- WHAT IS NEEDED: Could you copy word for word only the lines between the one containing "輕氧衣櫥 純羊毛衫開衫女春秋2025新款上衣羊絨外搭針織衫秋冬毛衣外套" and the end of the listing below, both included, and leave out the pictures?
┌─ SOURCE DATA
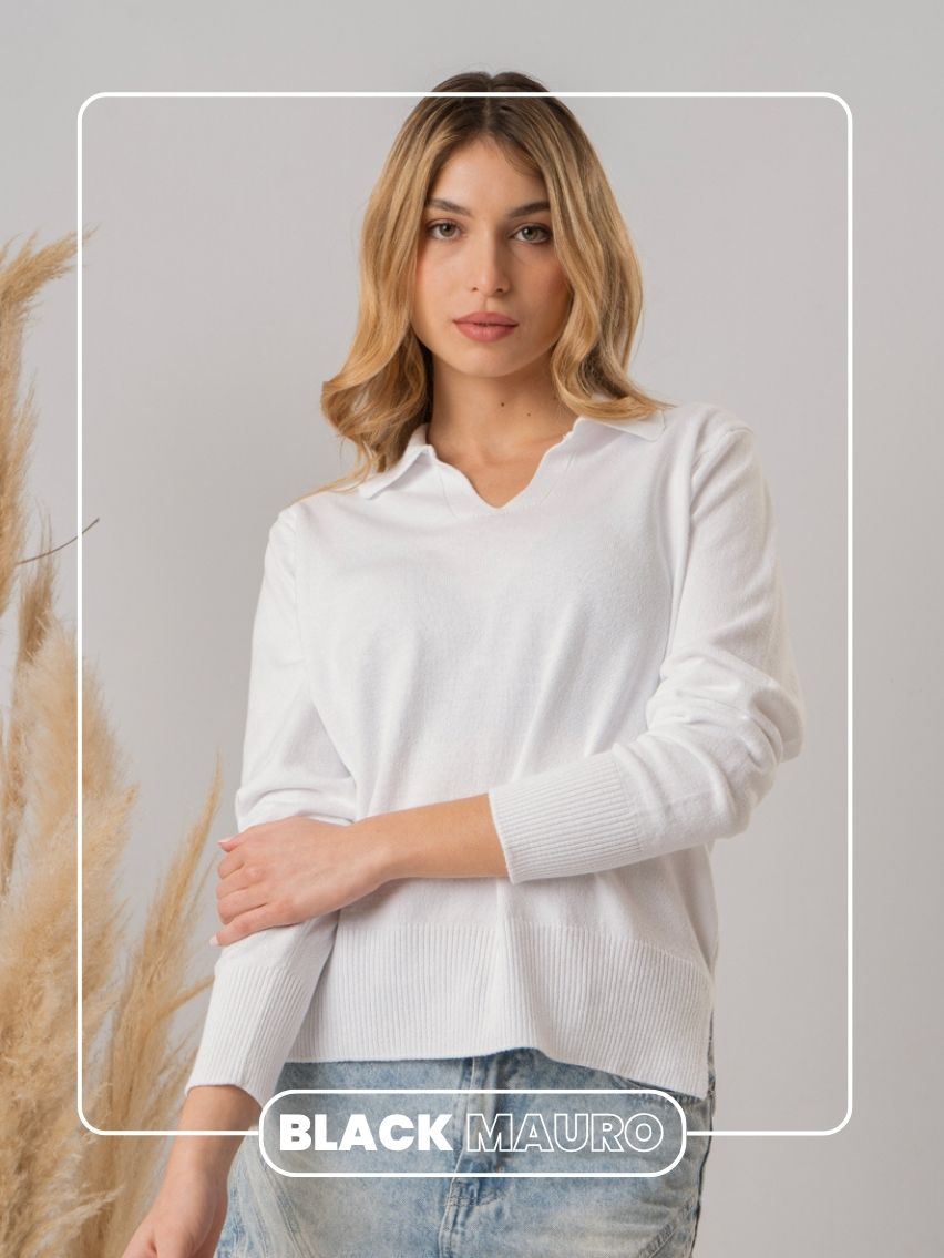 Sweater con escote chomba y tajo en lateral.
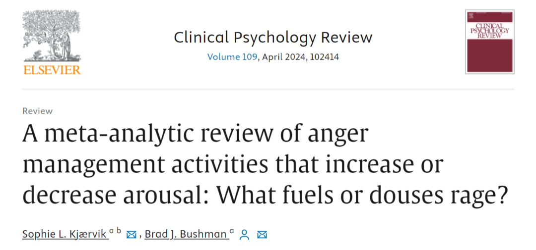 [1]Kjærvik, Sophie Lyngesen, and Brad J. Bushman. "A meta-analytic review of anger management activities that increase or decrease arousal: What fuels or douses rage?." Clinical Psychology Review (2024): 102414.
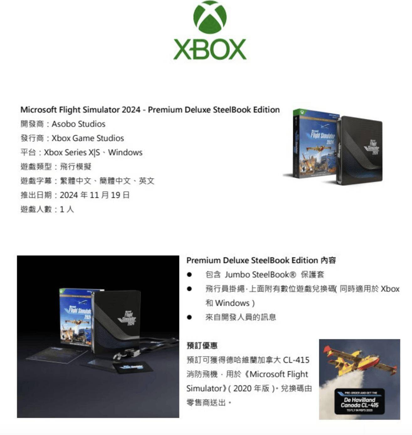 12 月 1 日消息,京东国际直营现已上架《微软模拟飞行 2024 高级豪华版(Microsoft Flight Simulator 2024 - Premium Deluxe Edition)》实体铁盒版(商品页面显示为《微软飞行模拟 2024 顶级豪华版》),定价为 850 元,将从京东香港直邮综合仓发货。
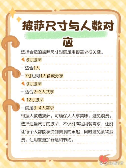 3、披萨的大小是按照英寸来计算的。披萨尺寸的国际标准 披萨作为一种源自意大利并在全球广泛流行的食品,其尺寸的计算方法在国际上有一个统一的标准,那就是使用英寸作为单位。英寸作为一种长度单位,在食品行业尤其是披萨制作和销售中得到了广泛应用。
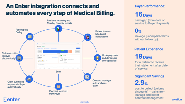 - 5x better patient experience. Enter gets patients billed in 19 days instead of 91.
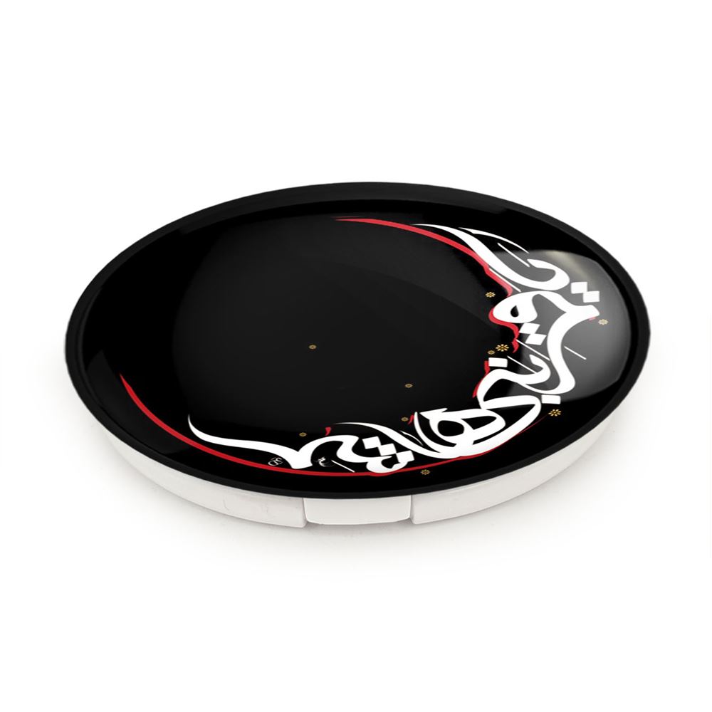 آینه های تاشو محرم یاقمر بنی هاشم خندالو، از جنس پلاستیک فشرده ABS تولید شده و به رنگ سفید می باشد. یکی از آینه ها ابعاد واقعی را نشان داده و دیگری با قابلیت بزرگنمایی، جزئیات را بهتر نمایش می دهد. ابعاد هر یک از آینه ها، دایره ای به قطر 7.5 سانت می باشد که نه خیلی بزرگ و غیر قابل استفاده در کیف آرایشی ست و نه خیلی کوچک که تصویر خاصی در آن مشاهده نشود. آینه تاشو محرم یاقمر بنی هاشم سایزی استاندارد و کارآمد دارد و در هر کیفی جا میگیرد. چاپ طرح بوسیله چاپگرهای دیجیتال شش رنگ با شفافیت و کیفیتی مثال زدنی بر روی یک وجه از بدنه ی آینه انجام گرفته و با روکش لمینت حرارتی پوشیده شده که در مقابل آسیب و خط و خش مقاوم بوده و کیفیت بالایی دارد. درب آینه بوسیله قفل بدنه ی آن، باز نمی ماند و کاملا بسته می شود و مناسب قرار گیری در کیف لوازم آرایش و کیف های کوچک دستی نیز هست. آینه های تاشو محرم یاقمر بنی هاشم خندالو با تنوع طرحی بسیار بالا، سلیقه هر نوع مخاطبی را تامین میکند.
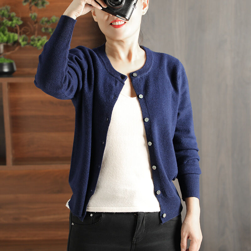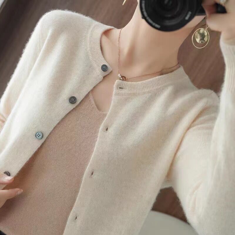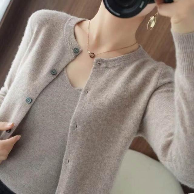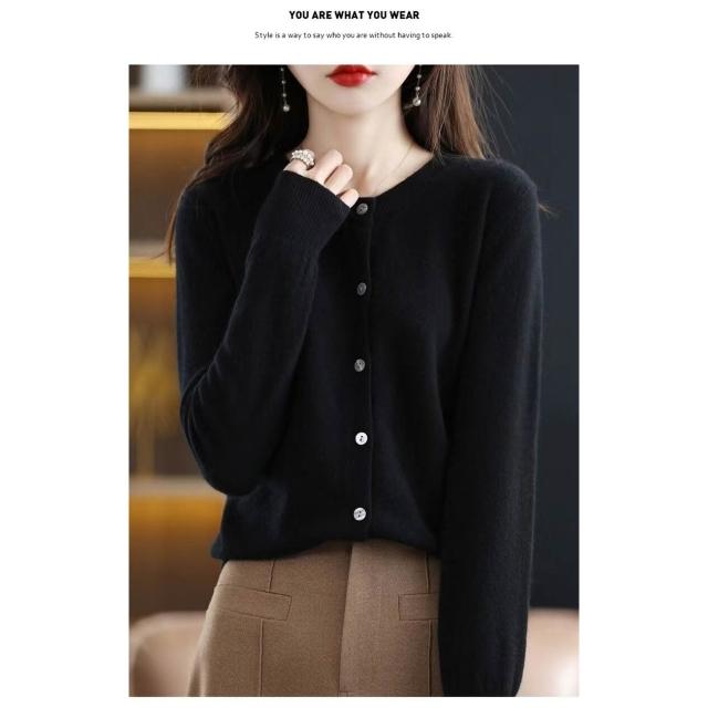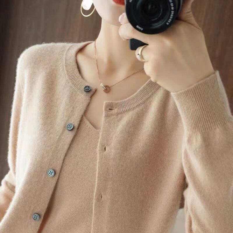 輕氧衣櫥 純羊毛衫開衫女春秋2025新款上衣羊絨外搭針織衫秋冬毛衣外套
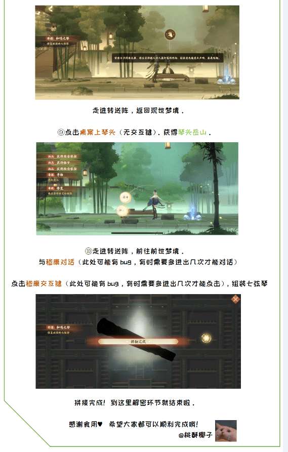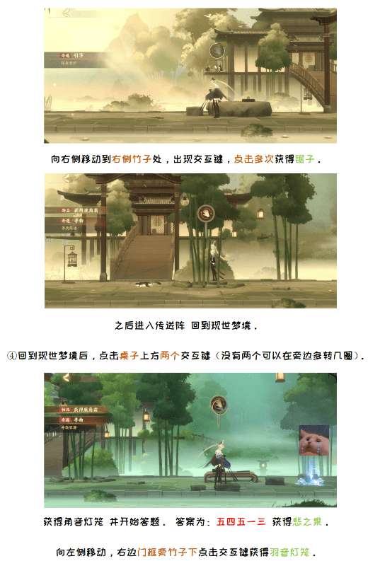 ④顺序:从左到右: 12345,5-1-2-4-2-1。在最左边灯笼处获得竹刀,中间泛红的罐子用来加鹿角霜,得到琴漆。进入幻境,把琴漆交给嵇康,他会让你去找琴徽。
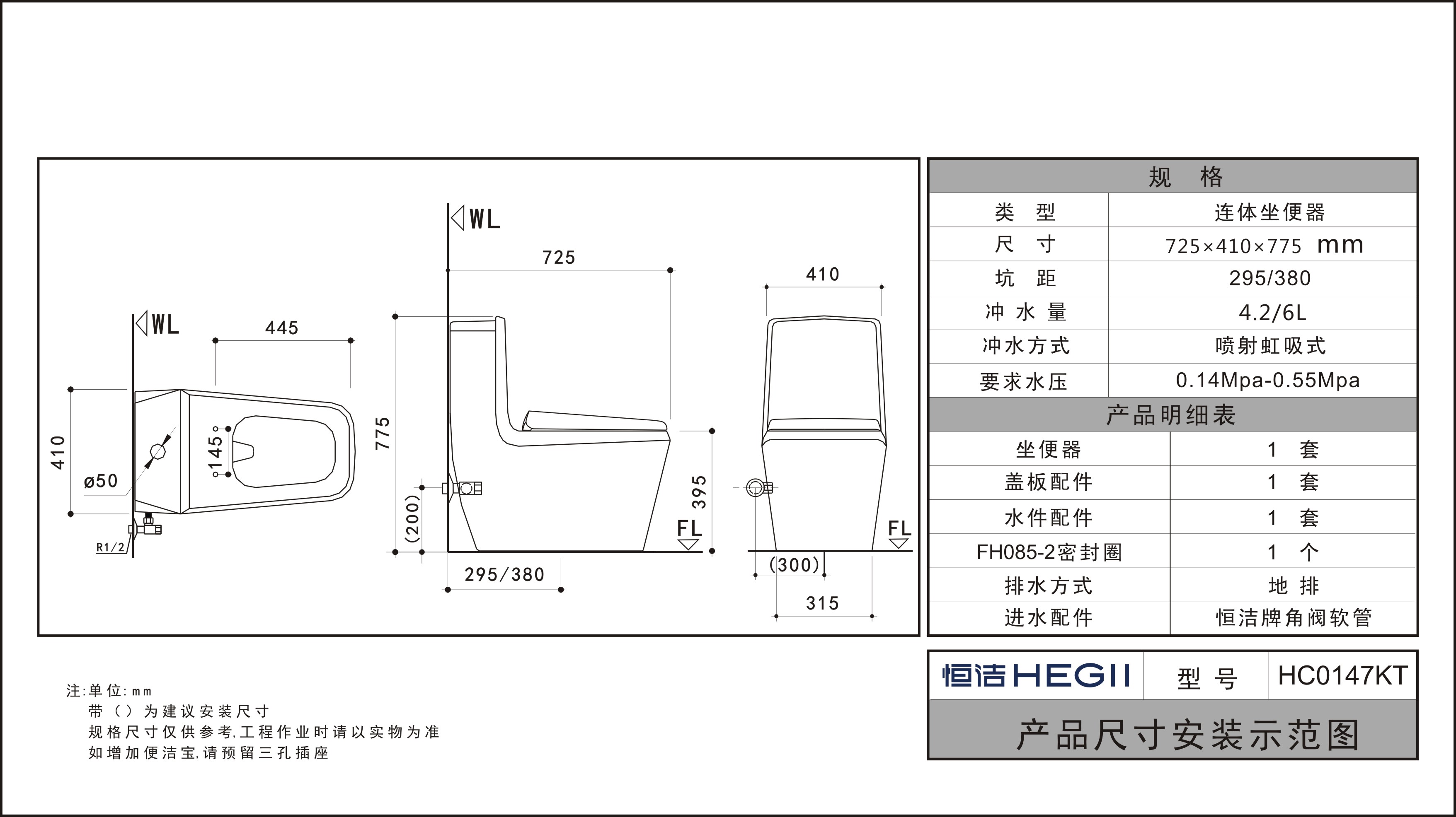 管徑加粗加大50mm,虹吸力更強(qiáng)
└─
- EXERCISE RESULT:
 輕氧衣櫥 純羊毛衫開衫女春秋2025新款上衣羊絨外搭針織衫秋冬毛衣外套
 ④顺序:从左到右: 12345,5-1-2-4-2-1。在最左边灯笼处获得竹刀,中间泛红的罐子用来加鹿角霜,得到琴漆。进入幻境,把琴漆交给嵇康,他会让你去找琴徽。
 管徑加粗加大50mm,虹吸力更強(qiáng)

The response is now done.